Caracterização e classificação de sinais de voz por combinação de vogais sustentadas: um estudo baseado na transformada wavelet haar

Detalhes bibliográficos
Ano de defesa: 2021
Autor(a) principal: Oliveira, Brígida Farias Cardoso
Orientador(a): Não Informado pela instituição
Banca de defesa: Não Informado pela instituição
Tipo de documento: Dissertação
Tipo de acesso: Acesso aberto
Idioma: por
Instituição de defesa: Não Informado pela instituição
Programa de Pós-Graduação: Não Informado pela instituição
Departamento: Não Informado pela instituição
País: Não Informado pela instituição
Palavras-chave em Português:
Link de acesso: http://www.repositorio.ufc.br/handle/riufc/59968
Resumo: This work investigates the use of single and combined sustained vowels in the characterization of normal and abnormal voice signals based on the Haar wavelet decomposition coefficients, considering signals from the biological genders male and female and a combination of both.

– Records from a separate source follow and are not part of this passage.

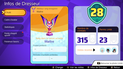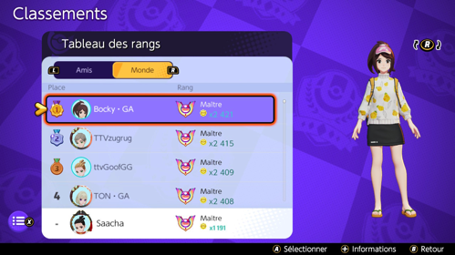 Vous pouvez consulter le classement mondial des combats classés via le menu sur l'écran principal (bouton X) pour voir les informations des meilleurs joueurs du moment. Divers types de classement peuvent être consultés : par Pokémon, par points marqués, par série de victoires...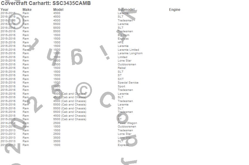 Below is an abbreviated list of applications for the Covercraft Carhartt SeatSaver.1500, 2500, 3500, 4500, 5500, Ram, 2016, 2015, 2014, 2013, 2012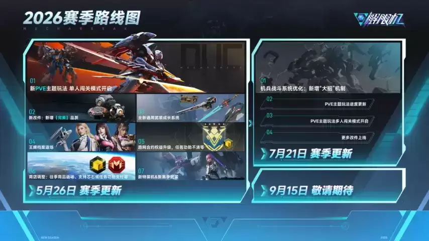 全新PVE Roguelike爬塔模式:这是一个单人闯关玩法,融合了随机Buff、改件强化与竞速榜单,设计上意在致敬机甲作品中经典的孤胆英雄主义。值得注意的是,其多人模式预计将在S5赛季推出。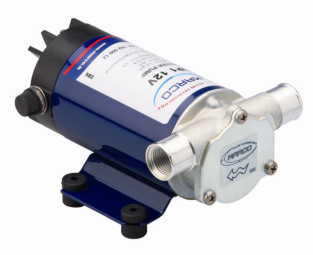 Elektrikli su pompası, esnek impelleri sayesinde yüksek performanslı ve uzun süreli çalışması sağlanır. Gövdesi pirinç üzerine nikel kaplama olup şaftı paslanmaz çeliktendir. İsteğe bağlı olarak 1/2`` rekorla veya 25mm hortum ile kullanılabilir. Akış Hızı: 35L/dk. Ölçüleri: 179x120x94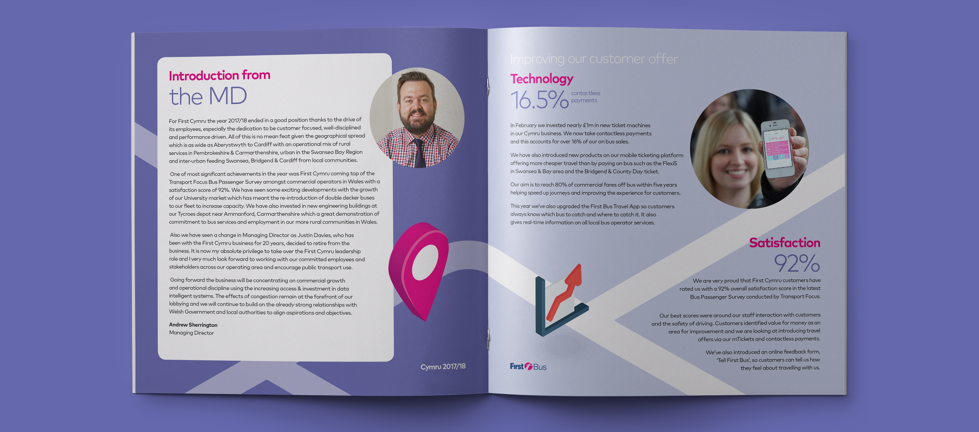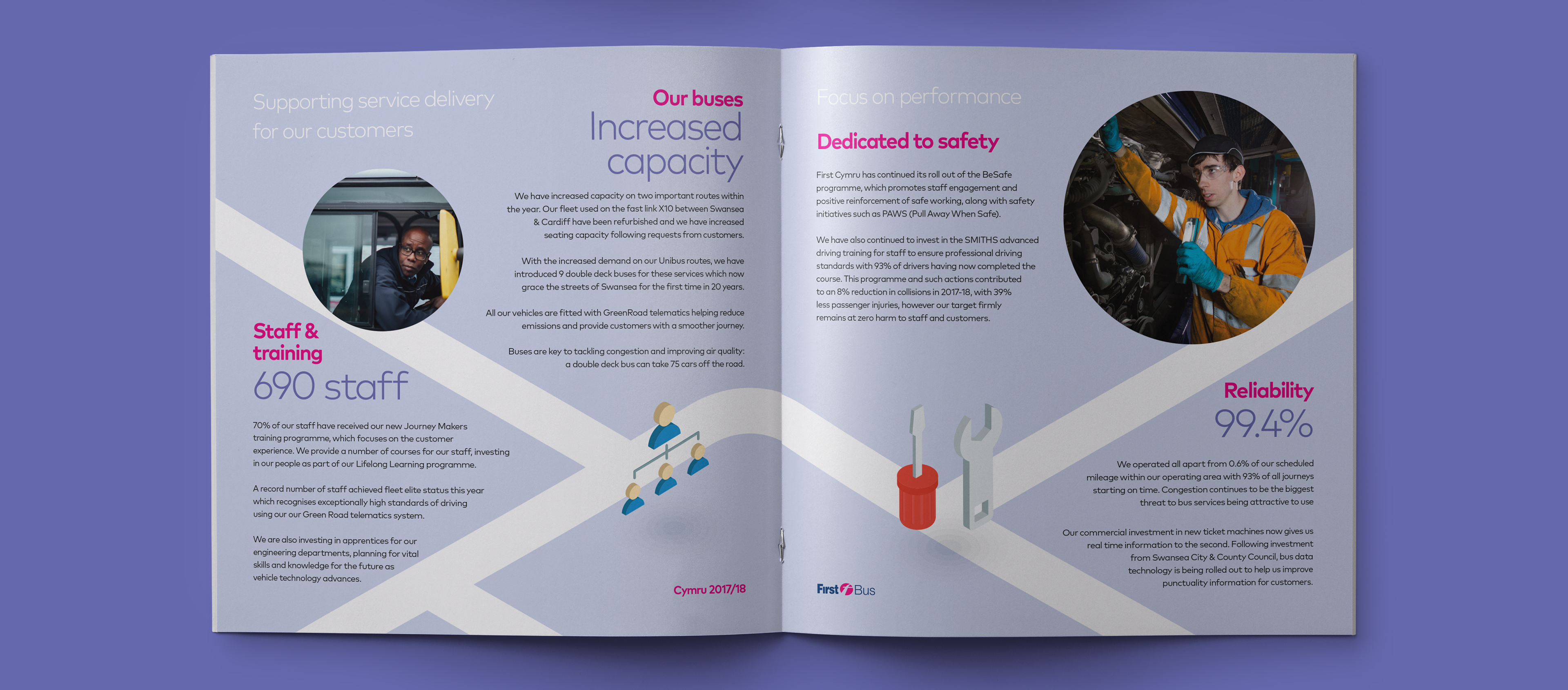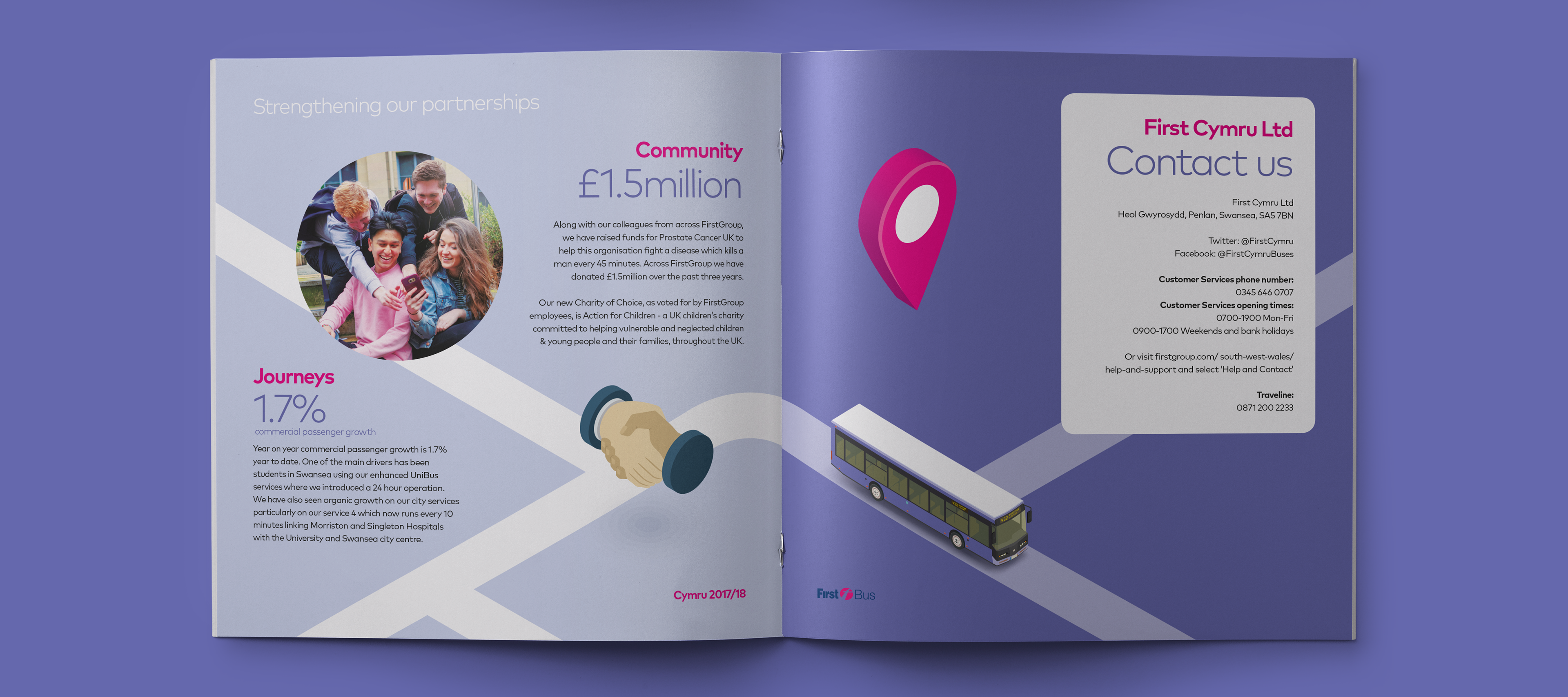We were commissioned to design a template that First could use to create a set of annual reports for various areas around the UK. We came up with a simple, clean and modern design to make it easy for anyone to see the good work going on around the country.

We also perform the Kruskal-Wallis statistical test, in order to analyze the pairs of variables composed of the vowels (single or combined) and the wavelet decomposition levels. The output of this statistical test allows identifying which level reaches (leads to) the best classification accuracy. We selected the lowest level of decomposition because it is associated with the lowest computational cost. Although recent studies have shown that single sustained vowels allow accurate voice characterization, the literature lacks evidence on using the combination of them. The proposed methodology for characterizing and classifying normal and abnormal voices considers the energy calculation of details and approximation coefficients obtained from the decomposition of the Haar wavelet transform. We use the /a/, /i/, and /u/ single vowels and the combination to identify the scenario that results in the best classification of the voice signals. We conducted experiments on two public datasets, one from Portugal named Advanced Voice Function Assessment Database (AVFAD) and another one from Germany named Saarbrücken Voice Database (SVD). We analyzed the wavelet decomposition levels in the range of 4 to 18 in different scenarios: voices of female and male speakers and both genders. Our results revealed that the wavelet coefficients extracted from the combination of vowels improved the signal description and identified subtle features of pathological voices. We also showed that the Haar wavelet-based features extracted from combined vowels achieved accurate voice classification with fewer decomposition levels. This approach enabled accuracy improvements of at least 2,61% e 15,61% for AVFAD and SVD datasets, respectively, regardless of the biological gender.